Anders als bei alaska.de oder Vergiss Amerika verzichtet Die Polizistin von Andreas Dresen auf Sozialkitsch und eine stilisierte Elendszenerie. Mit wackeliger Handkamera, ohne Filmmusik und fast ausschließlich natürlichem Licht wirkt er wie die deutsche Ausgabe eines Dogma-Films. Die Sozialhilfeempfänger und Wiedervereinigungsverlierer treten hier keineswegs als Statisten vor pittoresker Ärmlichkeit auf. Es wird sich nichts ändern, das wird schon zu Beginn klar - Dresen spart sich jedes Mitleid, doch sein Blick bleibt - wie schon bei Nachtgestalten - voller Sympathie für die, denen Wende und Mauerfall nichts gebracht haben. Seit Die Polizistin im Oktober vergangenen Jahres im Fernsehen lief und mit dem Grimme-Preis ausgezeichnet wurde, schaffte sie es dank engagierter Überzeugungsarbeit doch noch ins Kino. Ein ungewöhnlicher Weg für einen Film, der ursprünglich bei allen Sendeanstalten abgelehnt wurde.

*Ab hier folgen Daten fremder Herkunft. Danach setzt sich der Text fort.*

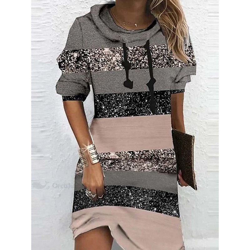 Women's Hoodie Dress Mini Dress Sheath Dress Vacation Casual Boho Daily Sports Going out Loose Fit Plain Long Sleeve Hooded Pink Red Blue Gray Spring Fall Winter Autumn
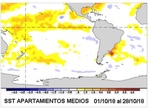 Se destaca el calentamiento que desde las costas bonaerenses se proyecta al litoral Atlántico brasileño. Esta condición térmica suma en el mismo sentido que El Niño a la hora de proyectar un buen desarrollo pluvial para el semestre cálido.
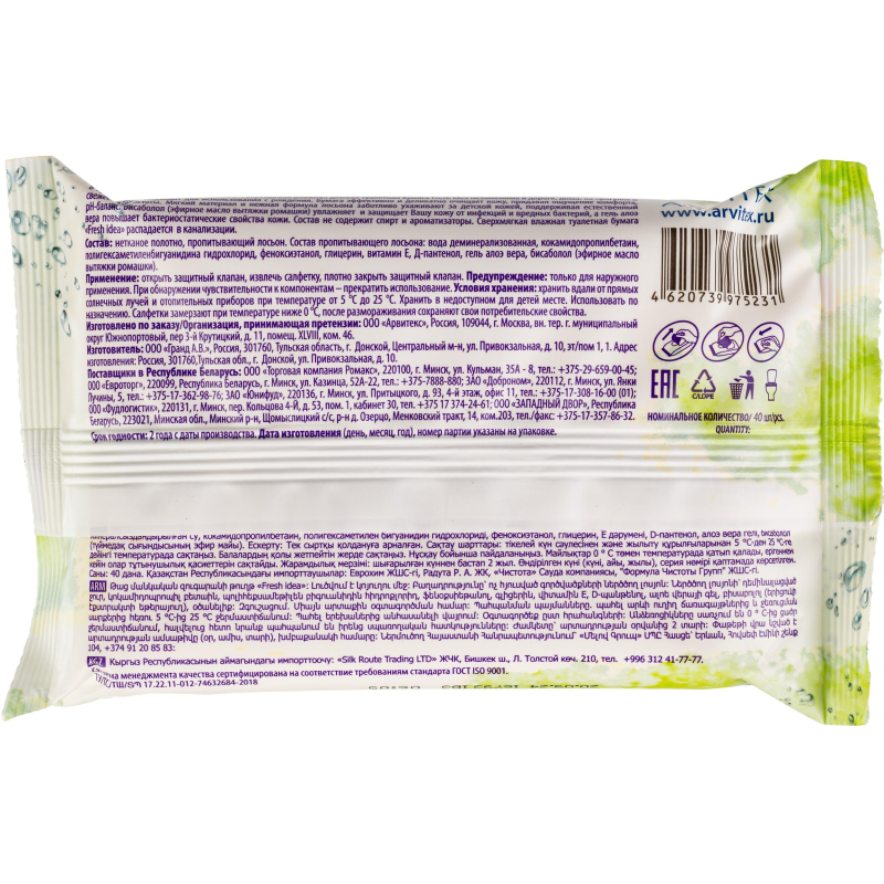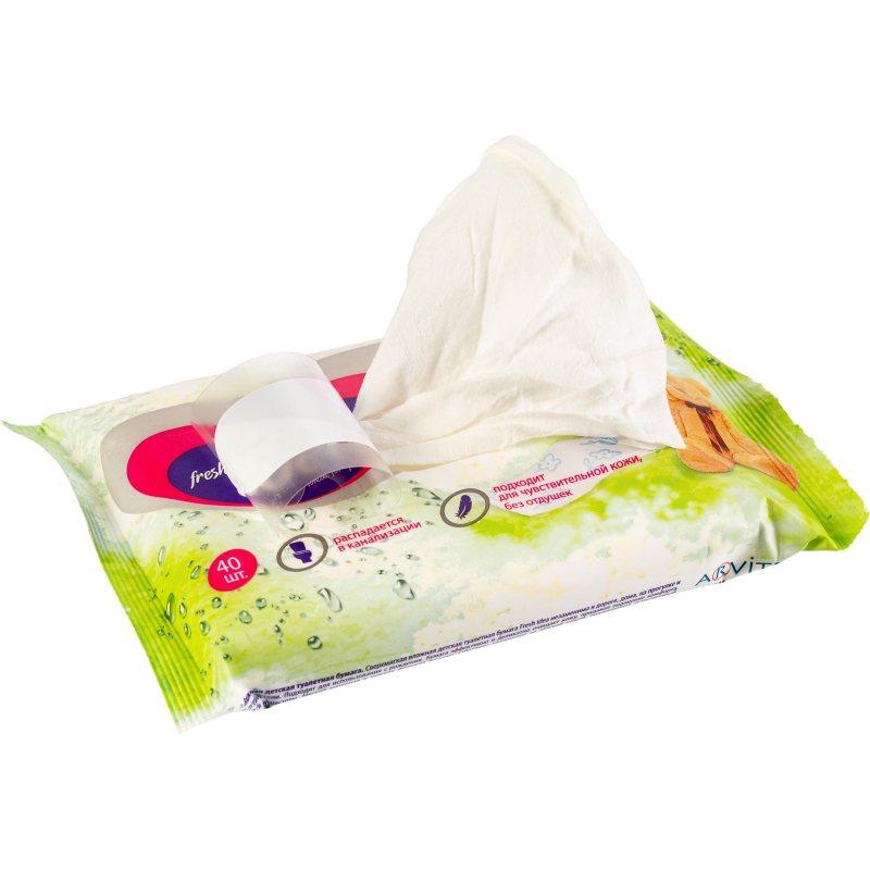 Бумага туалетная влажная детская Fresh idea 40 листов в пачке.Влажную туалетную бумагу Fresh idea можно использовать как самостоятельное средство гигиены, так и в дополнении к обычной туалетной бумаге. Она изготовлена из мягкого, нежного материала аэрлейд, не содержит спирта, поддерживает нейтральный ph. Полностью растворяется в канализации. Экстракт ромашки очищает и защищает кожу от инфекций и вредных бактерий. Экстракт алое повышает бактериостатические свойства кожи.Состав: глицерин, витамин е, пантенол, нетканое полотно, лосьонная основа.

Ein ebenso bescheidener und eindringlicher Film ist dem Regisseur Michael Klier mit Heidi M. gelungen. »Ein Ostfilm!«, so hieß es erst kürzlich in einer Besprechung, »so werden manche stöhnen und damit das Wiedererwachen von Kathrin Saß verpassen.« Klier, der sich damit nach fast zehnjähriger Pause zurückmeldete, hatte sich schon mit seinen Filmen Ostkreuz und Überall ist es besser, wo wir nicht sind durch ungeschminkte Darstellung ostdeutscher Tristesse einen Namen gemacht. Heidi M. - eine kleine Berlin-Geschichte über Einsamkeit und zweite Lebenschancen, über das Streben nach Glück und die Hindernisse, die sich die Menschen dabei oft in den Weg stellen. Die Hauptdarstellerin Kathrin Saß, so hat man den Eindruck, musste ihre Rolle nicht spielen. Ihre Lebensgeschichte findet sich im Schicksal von Heidi M. an vielen Stellen wieder. Nach einigen eher bescheidenen Auftritten im Fernsehen ist Heidi M. ihre erste Kinoarbeit seit langem. »Die Figur Heidi M.«, so Saß, »kommt meiner eigenen Biografie sehr nahe, sie ist allerdings nur ein Bruchteil davon. Ich hatte privat ähnliche Erlebnisse, nach der Wende war ich ganz am Boden.«

In ihrer Person spiegeln sich all die enttäuschten Hoffnungen, aber auch der pragmatische Trotz einer Generation, die nach der Wiedervereinigung noch einmal ganz von vorne beginnen musste. Heidi M. erinnert mit seiner spröden Erzählweise, den langen Einstellungen und eigenem Rhythmus an frühere DEFA-Produktionen, ist jedoch ein ambitionierter Versuch der Berliner Produktionsfirma X-Filme - bekannt geworden durch Kinohits wie Lola rennt - auch mit kleinen Produktionen ein Publikum zu erobern. Im Vergleich zu anderen Berlin-Filmen wirkt Heidi M. mit seinem Einfühlungsvermögen und dem klaren Blick auf schöne Weise altmodisch.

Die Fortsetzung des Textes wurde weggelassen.